Extended Side Angle Pose – Utthita Parsvakonasana
Extended Side Angle Pose, also known as Utthita Parsvakonasana in Sanskrit, is a popular yoga pose that combines elements of strength, balance, and flexibility. Aside from the muscular benefits, the twisting aspect of this pose can aid in digestion and detoxification by massaging the abdominal organs. Similar to most yoga poses, Extended Side Angle encourages focus on the breath to body connection, helping to calm the mind and reduce stress.
To Enter this Pose...
Begin in Warrior II pose. Bend your front knee until it aligns over your ankle. Stay grounded in the outer edge of your back foot allowing the back leg to fully straighten and engage. Extend your front arm down, weightlessly placing your elbow on or inside of the front knee. You can also reach your bottom hand down to a block or place it on your mat. Stretch the back arm overhead, stacking the shoulders and opening your chest. Lift through your top hand AND body…it’s important that you engage your entire core along with hips and legs to lengthen up and avoid misaligning your body.
COMMON MISTAKES TO AVOID…

- Knee is bent past the ankle: We want our knee to stack directly over the ankle so the weight is evenly distributed and the ankle can fully support without vulnerability.

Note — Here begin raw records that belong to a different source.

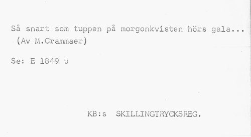 //// Så snart som tuppen på morgonkvisten hörs gala... (Av M.Crammaer) //// Se: E 1849 u //// KB:s SKILLINGTRYCKSREG. ////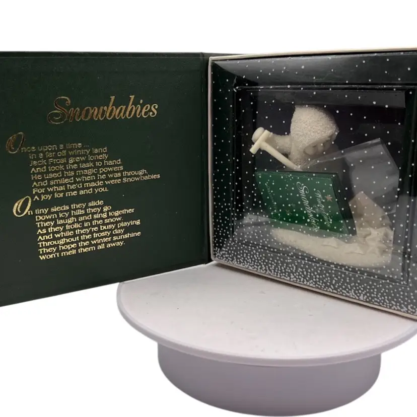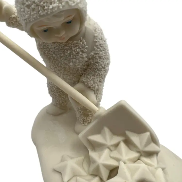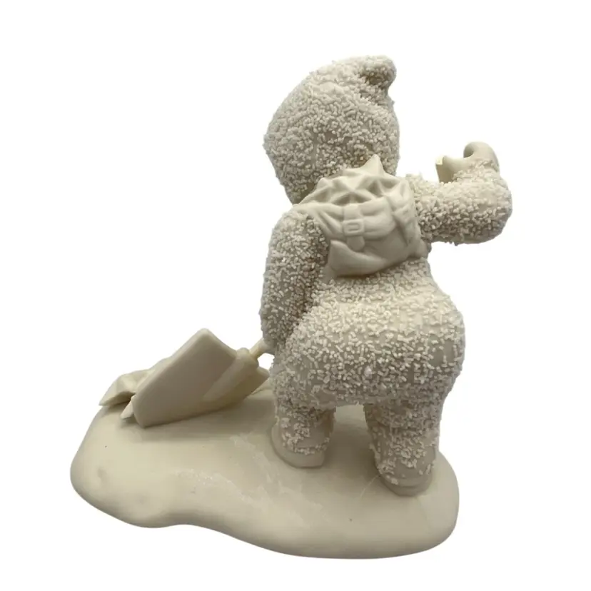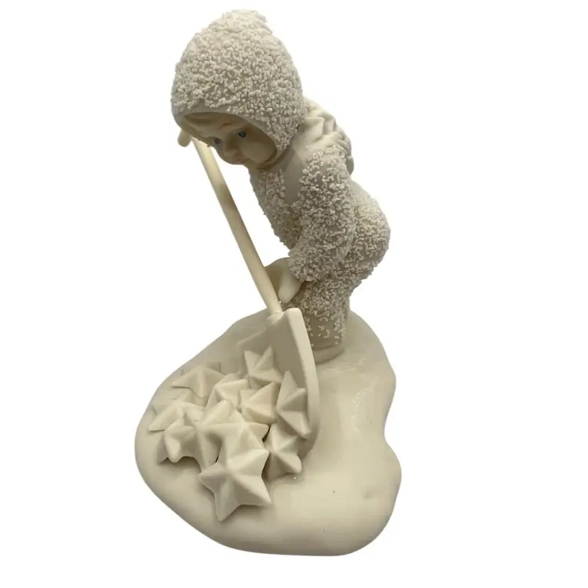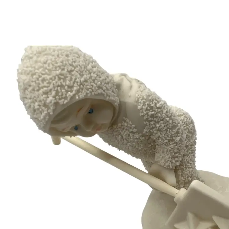 DEPT 56 SNOWBABIES WINTER TALES “SO MUCH WORK TO DO”. THIS SWEET BABY IS MADE OUT OF PORCELAIN BISQUE WITH HAND PAINTING FOR THE FACE. MADE IN TAIWAN EXCLUSIVELY FOR DEPT 56. THIS IS A RETIRED ITEM. # 6837-3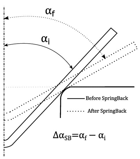 As mentioned earlier, the springback effect plays an important role in bending processes. As represented in Figure 2 the removal of the tools leads to elastic recovery of the material, which results in different bending angles before and after springback. The springback angle, , corresponds to the difference between the angle after elastic recovery, , and the bending angle defined when the punch contacts the part, . The springback is entirely intercorrelated with the stress distribution on sheet metal as residual stresses []. Its behavior is also affected by material properties such as strain hardening, elastic property evolution, the presence of Bauschinger effects, elastic and plastic anisotropy, and tribology between contacting surfaces []. Although there are mathematical models for predicting springback in bending situations, most of them are simplistic and do not take into account all influential factors.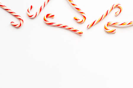 Christmas Candy canes with striped rope bow and on white wooden table background with snowflakes. Sweet Christmas Card with copy space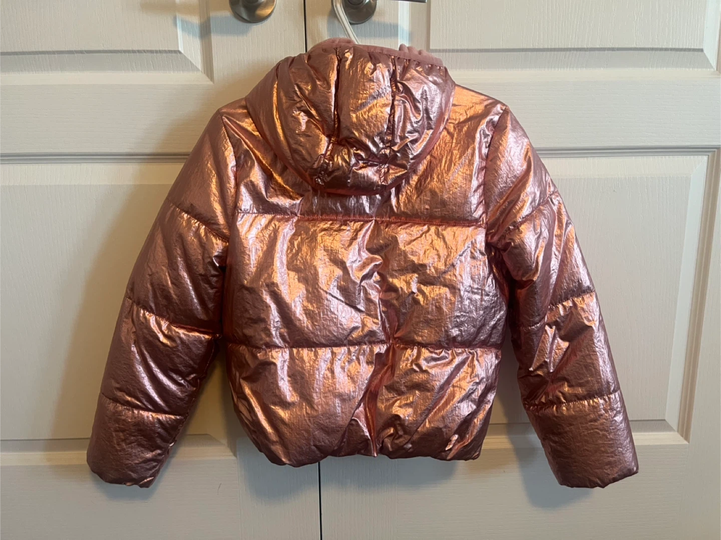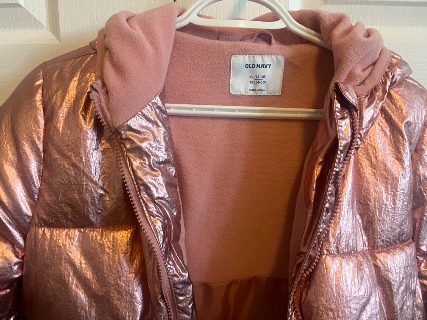 Selling a cute Old Navy puffer jacket in a rose gold colour! It's an XL (14-16). Great for keeping warm and stylish during the colder months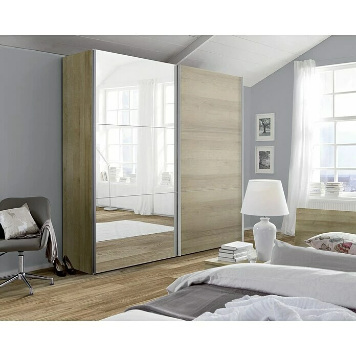 Der Kleiderschrank Stars von Express Möbel ist ein moderner Schwebetürenschrank der in verschiedenen Dekoren und Ausführungen erhältlich ist. Dank der Dämpfungsbeschläge schließen die Schranktüren besonders sanft und leise und zeichnet sich durch hohe Laufruhe und wunderbar leichten Bedienkomfort beim Öffnen und Schließen aus. Die angenehm gerundete Metallgriffleiste liegt dabei bestens in der Hand. In den oberen Ablagefächern der Schränke können Decken, Hüte oder Ähnliches sicher verstaut werden. Die Kleiderstangen eignen sich zur knitterfreien Aufbewahrung der Kleidungsstücke. Der aufgeteilte Innenbereich wird durch die Türen verdeckt. Die Schwebetüren sind mit einem Staubschutz ausgestattet, welcher das Verstauben des Innenbereichs verhindert. Der Stars ist aus Holzwerkstoff gefertigt und verfügt über hochwertige Metallbeschläge. Er ist wiederaufbaubar und somit umzugstauglich.

- Back foot misaligned: Just like Warrior II, we want the heel of our front foot to disect the center of our back foot for proper alignment.
- Top Hip Closing In: Finding lift through the upper body will help to fix this. Redirecting your Drishti (focal point) forward or upwards will help too!
- Arm Overextending: Lift upwards and not back. Keep shoulder stacked and a line of energy from bottom fingertips to the top.
- Relying on elbow/knee connection: Make this connection weightless, meaning you could remove your elbow and your torso won’t fall out of alignment.